- **Exercise instructions**
Give the data below again exactly as it stands. Omit the pictures.

- **Collected material**
--- START ---

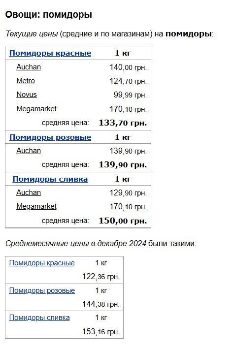 У сегменті помідорів спостерігається загальне зростання цін. Червоні помідори подорожчали з 122,36 до 133,70 грн за кілограм, при цьому розкид цін у магазинах досить суттєвий – від 99,99 грн у Novus до 170,10 грн у Megamarket. Рожеві помідори трохи знизилися в ціні – з 144,38 до 139,90 грн, а помідори вершка трохи подешевшали – з 153,16 до 150,00 грн за кілограм.
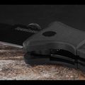 Сталь 8Cr13MoV - устойчива к износу, легко точится и отлично держит режущую кромку. Покрытие чёрным оксидом защищает металл от коррозии и придаёт сдержанный вид.
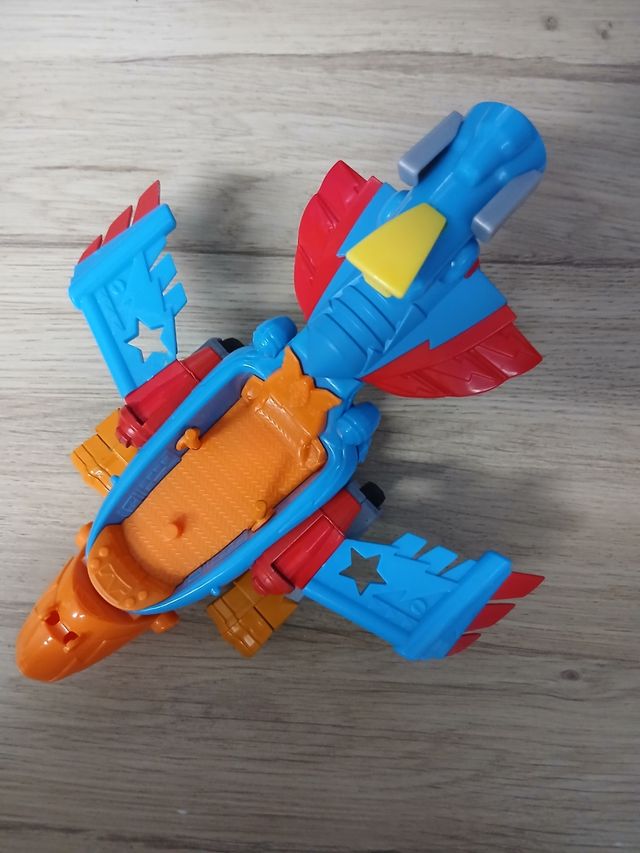 Set de dos vehículos de Superthings. - Vehículo principal de color azul, rojo y amarillo. - Vehículo secundario de color naranja y azul.

--- END ---

- **Result for this exercise**
 У сегменті помідорів спостерігається загальне зростання цін. Червоні помідори подорожчали з 122,36 до 133,70 грн за кілограм, при цьому розкид цін у магазинах досить суттєвий – від 99,99 грн у Novus до 170,10 грн у Megamarket. Рожеві помідори трохи знизилися в ціні – з 144,38 до 139,90 грн, а помідори вершка трохи подешевшали – з 153,16 до 150,00 грн за кілограм.
 Сталь 8Cr13MoV - устойчива к износу, легко точится и отлично держит режущую кромку. Покрытие чёрным оксидом защищает металл от коррозии и придаёт сдержанный вид.
 Set de dos vehículos de Superthings. - Vehículo principal de color azul, rojo y amarillo. - Vehículo secundario de color naranja y azul.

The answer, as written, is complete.